__What is expected__: Quote the records beneath, complete and exact. Leave out images.

>>>

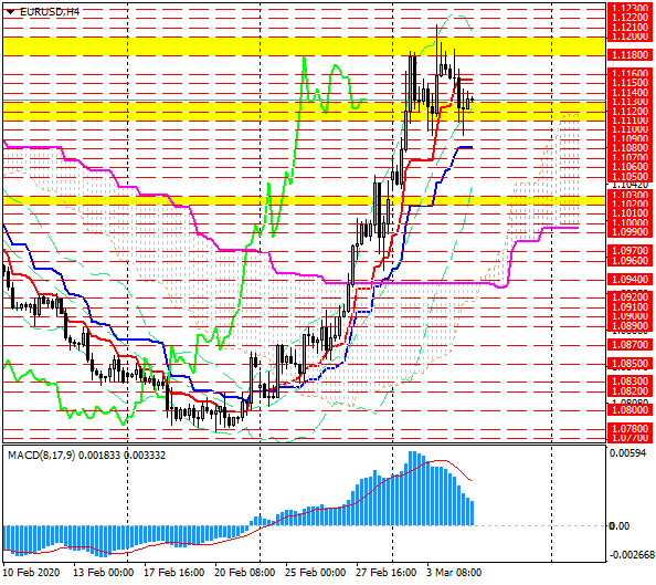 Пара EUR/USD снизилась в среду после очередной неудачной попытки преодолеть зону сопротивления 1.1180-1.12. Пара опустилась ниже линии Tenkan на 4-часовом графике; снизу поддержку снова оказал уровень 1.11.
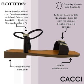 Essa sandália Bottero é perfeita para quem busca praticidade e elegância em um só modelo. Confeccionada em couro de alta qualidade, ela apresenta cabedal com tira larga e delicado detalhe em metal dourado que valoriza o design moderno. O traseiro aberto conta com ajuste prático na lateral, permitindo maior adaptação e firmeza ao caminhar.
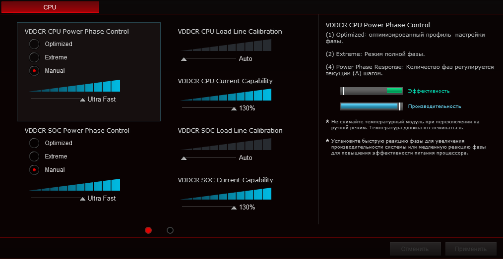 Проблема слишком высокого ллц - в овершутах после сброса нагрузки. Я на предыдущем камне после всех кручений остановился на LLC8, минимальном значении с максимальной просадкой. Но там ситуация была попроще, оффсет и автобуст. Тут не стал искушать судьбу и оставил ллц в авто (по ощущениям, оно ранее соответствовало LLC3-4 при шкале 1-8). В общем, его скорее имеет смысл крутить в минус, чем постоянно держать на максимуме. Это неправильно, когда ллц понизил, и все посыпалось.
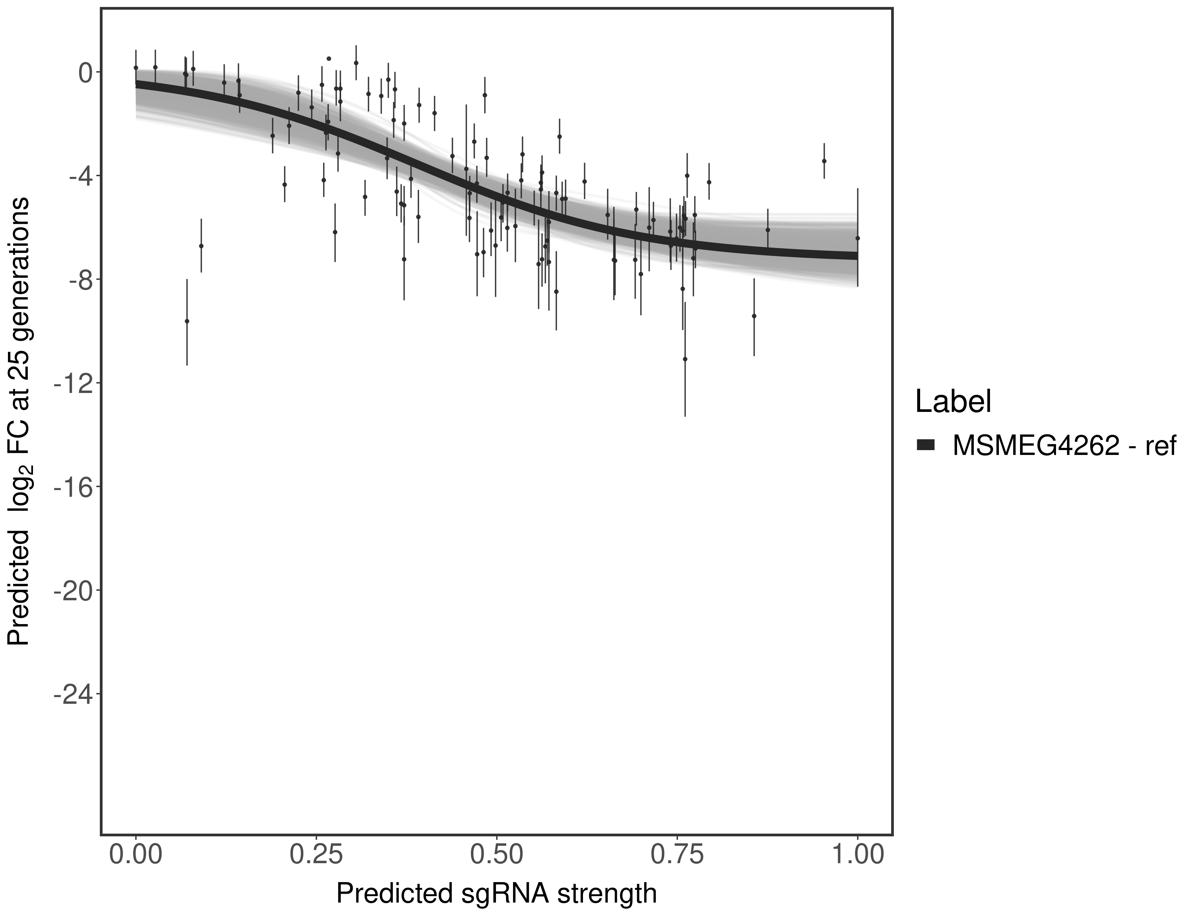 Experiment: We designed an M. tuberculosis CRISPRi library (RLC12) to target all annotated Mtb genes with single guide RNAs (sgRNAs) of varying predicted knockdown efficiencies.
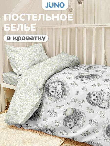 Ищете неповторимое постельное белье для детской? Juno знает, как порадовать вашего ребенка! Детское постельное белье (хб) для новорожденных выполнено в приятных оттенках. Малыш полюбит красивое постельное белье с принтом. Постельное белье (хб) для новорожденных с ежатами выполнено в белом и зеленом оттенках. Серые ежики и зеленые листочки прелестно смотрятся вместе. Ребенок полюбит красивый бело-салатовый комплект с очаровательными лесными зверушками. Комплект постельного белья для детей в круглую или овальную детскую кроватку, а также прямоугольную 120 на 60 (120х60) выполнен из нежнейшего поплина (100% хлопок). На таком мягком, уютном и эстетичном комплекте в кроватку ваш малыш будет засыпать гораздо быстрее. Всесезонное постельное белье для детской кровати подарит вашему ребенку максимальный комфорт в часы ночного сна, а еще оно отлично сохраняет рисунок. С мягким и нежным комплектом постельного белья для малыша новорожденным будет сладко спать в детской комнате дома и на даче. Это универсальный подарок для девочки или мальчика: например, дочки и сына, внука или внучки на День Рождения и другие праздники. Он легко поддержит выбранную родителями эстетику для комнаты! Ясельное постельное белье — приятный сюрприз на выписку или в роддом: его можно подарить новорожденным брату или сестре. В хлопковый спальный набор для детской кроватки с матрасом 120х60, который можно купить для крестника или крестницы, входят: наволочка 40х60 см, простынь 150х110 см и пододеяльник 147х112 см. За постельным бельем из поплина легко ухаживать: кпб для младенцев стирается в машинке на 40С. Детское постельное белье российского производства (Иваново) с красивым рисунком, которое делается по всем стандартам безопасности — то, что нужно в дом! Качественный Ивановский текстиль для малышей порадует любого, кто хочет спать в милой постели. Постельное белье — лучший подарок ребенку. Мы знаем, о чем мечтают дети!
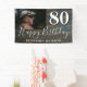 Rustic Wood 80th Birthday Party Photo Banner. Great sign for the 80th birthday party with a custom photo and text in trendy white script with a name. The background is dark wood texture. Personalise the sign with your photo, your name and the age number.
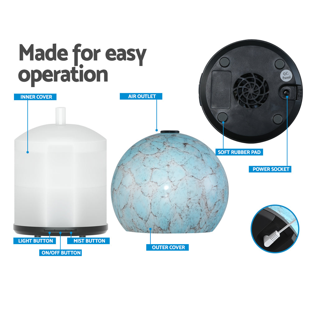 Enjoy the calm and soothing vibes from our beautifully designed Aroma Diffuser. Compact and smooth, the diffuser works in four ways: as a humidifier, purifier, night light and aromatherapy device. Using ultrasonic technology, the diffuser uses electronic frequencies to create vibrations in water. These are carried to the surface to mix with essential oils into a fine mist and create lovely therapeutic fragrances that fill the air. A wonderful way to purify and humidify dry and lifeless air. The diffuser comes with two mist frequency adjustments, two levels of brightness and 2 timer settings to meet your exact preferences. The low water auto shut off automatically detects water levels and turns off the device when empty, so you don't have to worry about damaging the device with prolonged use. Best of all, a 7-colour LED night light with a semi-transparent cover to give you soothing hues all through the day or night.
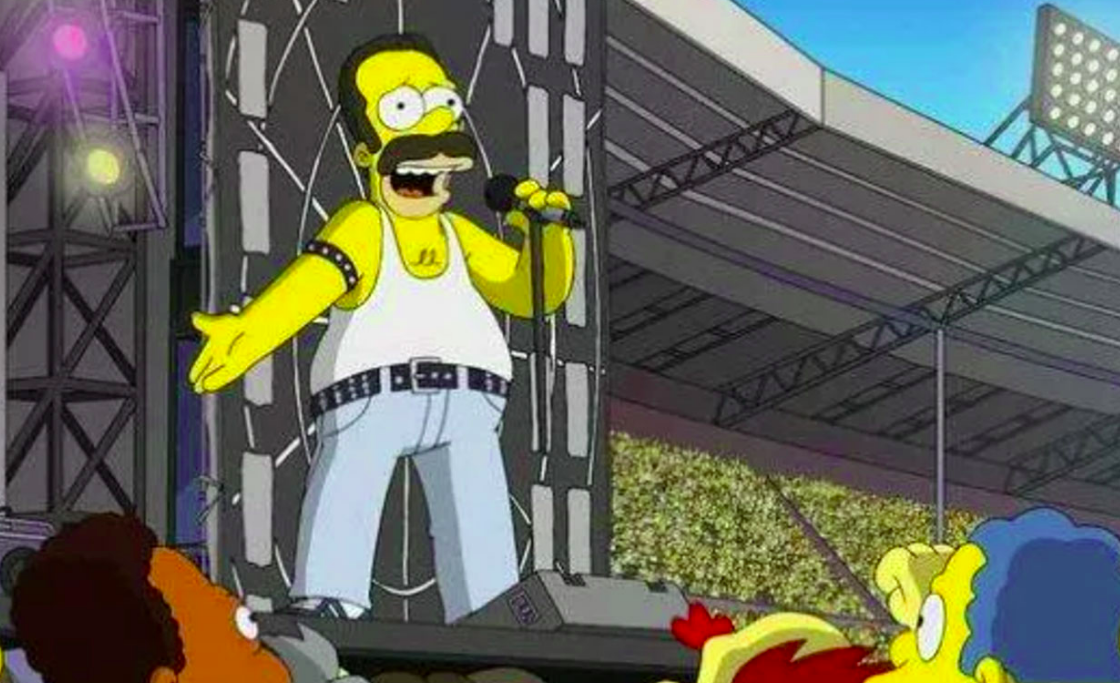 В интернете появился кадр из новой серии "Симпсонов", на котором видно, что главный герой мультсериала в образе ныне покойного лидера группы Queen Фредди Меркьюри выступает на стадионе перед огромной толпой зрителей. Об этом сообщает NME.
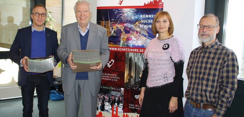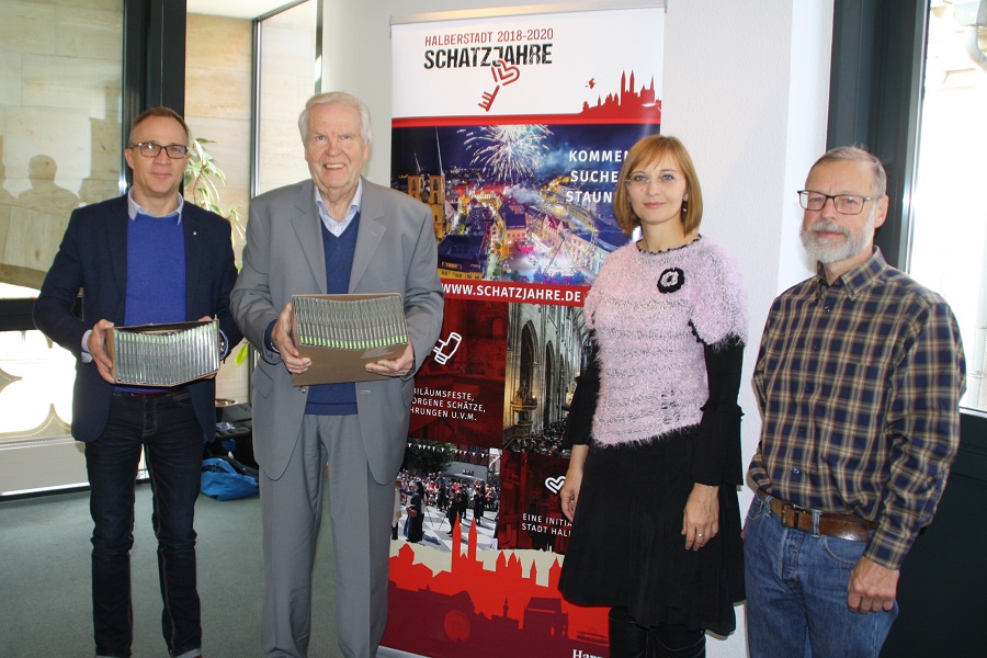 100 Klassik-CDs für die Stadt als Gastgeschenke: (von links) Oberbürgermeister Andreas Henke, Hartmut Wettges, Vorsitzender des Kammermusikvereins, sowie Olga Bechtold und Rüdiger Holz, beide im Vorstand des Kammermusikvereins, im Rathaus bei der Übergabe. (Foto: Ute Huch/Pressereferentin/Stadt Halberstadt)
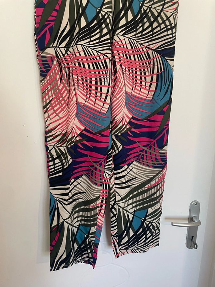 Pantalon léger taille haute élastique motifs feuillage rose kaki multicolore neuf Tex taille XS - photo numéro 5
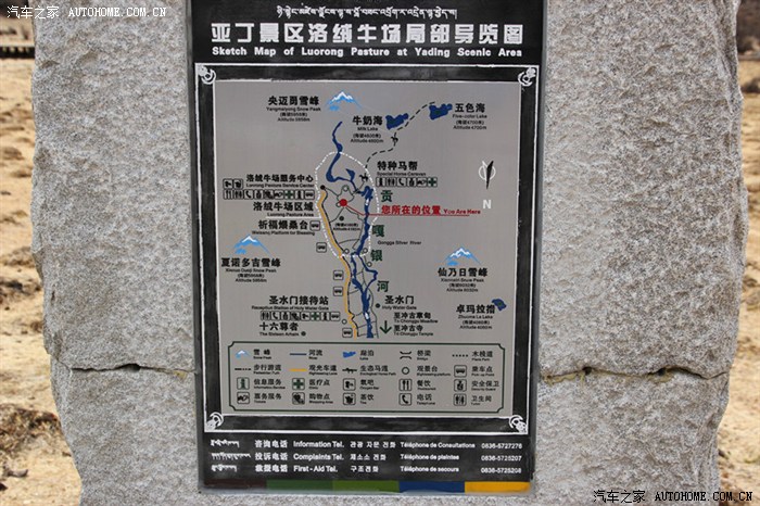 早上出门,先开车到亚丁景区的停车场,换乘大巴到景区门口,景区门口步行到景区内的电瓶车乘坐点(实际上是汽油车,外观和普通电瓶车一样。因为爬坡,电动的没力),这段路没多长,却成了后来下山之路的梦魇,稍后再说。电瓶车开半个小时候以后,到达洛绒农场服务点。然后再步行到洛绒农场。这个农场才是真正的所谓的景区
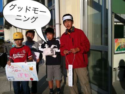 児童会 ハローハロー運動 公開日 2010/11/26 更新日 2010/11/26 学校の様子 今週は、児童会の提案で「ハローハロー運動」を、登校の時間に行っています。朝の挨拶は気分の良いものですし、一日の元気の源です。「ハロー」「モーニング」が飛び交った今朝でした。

<<<

__Answer below__:
 Пара EUR/USD снизилась в среду после очередной неудачной попытки преодолеть зону сопротивления 1.1180-1.12. Пара опустилась ниже линии Tenkan на 4-часовом графике; снизу поддержку снова оказал уровень 1.11.
 Essa sandália Bottero é perfeita para quem busca praticidade e elegância em um só modelo. Confeccionada em couro de alta qualidade, ela apresenta cabedal com tira larga e delicado detalhe em metal dourado que valoriza o design moderno. O traseiro aberto conta com ajuste prático na lateral, permitindo maior adaptação e firmeza ao caminhar.
 Проблема слишком высокого ллц - в овершутах после сброса нагрузки. Я на предыдущем камне после всех кручений остановился на LLC8, минимальном значении с максимальной просадкой. Но там ситуация была попроще, оффсет и автобуст. Тут не стал искушать судьбу и оставил ллц в авто (по ощущениям, оно ранее соответствовало LLC3-4 при шкале 1-8). В общем, его скорее имеет смысл крутить в минус, чем постоянно держать на максимуме. Это неправильно, когда ллц понизил, и все посыпалось.
 Experiment: We designed an M. tuberculosis CRISPRi library (RLC12) to target all annotated Mtb genes with single guide RNAs (sgRNAs) of varying predicted knockdown efficiencies.
 Ищете неповторимое постельное белье для детской? Juno знает, как порадовать вашего ребенка! Детское постельное белье (хб) для новорожденных выполнено в приятных оттенках. Малыш полюбит красивое постельное белье с принтом. Постельное белье (хб) для новорожденных с ежатами выполнено в белом и зеленом оттенках. Серые ежики и зеленые листочки прелестно смотрятся вместе. Ребенок полюбит красивый бело-салатовый комплект с очаровательными лесными зверушками. Комплект постельного белья для детей в круглую или овальную детскую кроватку, а также прямоугольную 120 на 60 (120х60) выполнен из нежнейшего поплина (100% хлопок). На таком мягком, уютном и эстетичном комплекте в кроватку ваш малыш будет засыпать гораздо быстрее. Всесезонное постельное белье для детской кровати подарит вашему ребенку максимальный комфорт в часы ночного сна, а еще оно отлично сохраняет рисунок. С мягким и нежным комплектом постельного белья для малыша новорожденным будет сладко спать в детской комнате дома и на даче. Это универсальный подарок для девочки или мальчика: например, дочки и сына, внука или внучки на День Рождения и другие праздники. Он легко поддержит выбранную родителями эстетику для комнаты! Ясельное постельное белье — приятный сюрприз на выписку или в роддом: его можно подарить новорожденным брату или сестре. В хлопковый спальный набор для детской кроватки с матрасом 120х60, который можно купить для крестника или крестницы, входят: наволочка 40х60 см, простынь 150х110 см и пододеяльник 147х112 см. За постельным бельем из поплина легко ухаживать: кпб для младенцев стирается в машинке на 40С. Детское постельное белье российского производства (Иваново) с красивым рисунком, которое делается по всем стандартам безопасности — то, что нужно в дом! Качественный Ивановский текстиль для малышей порадует любого, кто хочет спать в милой постели. Постельное белье — лучший подарок ребенку. Мы знаем, о чем мечтают дети!
 Rustic Wood 80th Birthday Party Photo Banner. Great sign for the 80th birthday party with a custom photo and text in trendy white script with a name. The background is dark wood texture. Personalise the sign with your photo, your name and the age number.
 Enjoy the calm and soothing vibes from our beautifully designed Aroma Diffuser. Compact and smooth, the diffuser works in four ways: as a humidifier, purifier, night light and aromatherapy device. Using ultrasonic technology, the diffuser uses electronic frequencies to create vibrations in water. These are carried to the surface to mix with essential oils into a fine mist and create lovely therapeutic fragrances that fill the air. A wonderful way to purify and humidify dry and lifeless air. The diffuser comes with two mist frequency adjustments, two levels of brightness and 2 timer settings to meet your exact preferences. The low water auto shut off automatically detects water levels and turns off the device when empty, so you don't have to worry about damaging the device with prolonged use. Best of all, a 7-colour LED night light with a semi-transparent cover to give you soothing hues all through the day or night.
 В интернете появился кадр из новой серии "Симпсонов", на котором видно, что главный герой мультсериала в образе ныне покойного лидера группы Queen Фредди Меркьюри выступает на стадионе перед огромной толпой зрителей. Об этом сообщает NME.
 100 Klassik-CDs für die Stadt als Gastgeschenke: (von links) Oberbürgermeister Andreas Henke, Hartmut Wettges, Vorsitzender des Kammermusikvereins, sowie Olga Bechtold und Rüdiger Holz, beide im Vorstand des Kammermusikvereins, im Rathaus bei der Übergabe. (Foto: Ute Huch/Pressereferentin/Stadt Halberstadt)
 Pantalon léger taille haute élastique motifs feuillage rose kaki multicolore neuf Tex taille XS - photo numéro 5
 早上出门,先开车到亚丁景区的停车场,换乘大巴到景区门口,景区门口步行到景区内的电瓶车乘坐点(实际上是汽油车,外观和普通电瓶车一样。因为爬坡,电动的没力),这段路没多长,却成了后来下山之路的梦魇,稍后再说。电瓶车开半个小时候以后,到达洛绒农场服务点。然后再步行到洛绒农场。这个农场才是真正的所谓的景区
 児童会 ハローハロー運動 公開日 2010/11/26 更新日 2010/11/26 学校の様子 今週は、児童会の提案で「ハローハロー運動」を、登校の時間に行っています。朝の挨拶は気分の良いものですし、一日の元気の源です。「ハロー」「モーニング」が飛び交った今朝でした。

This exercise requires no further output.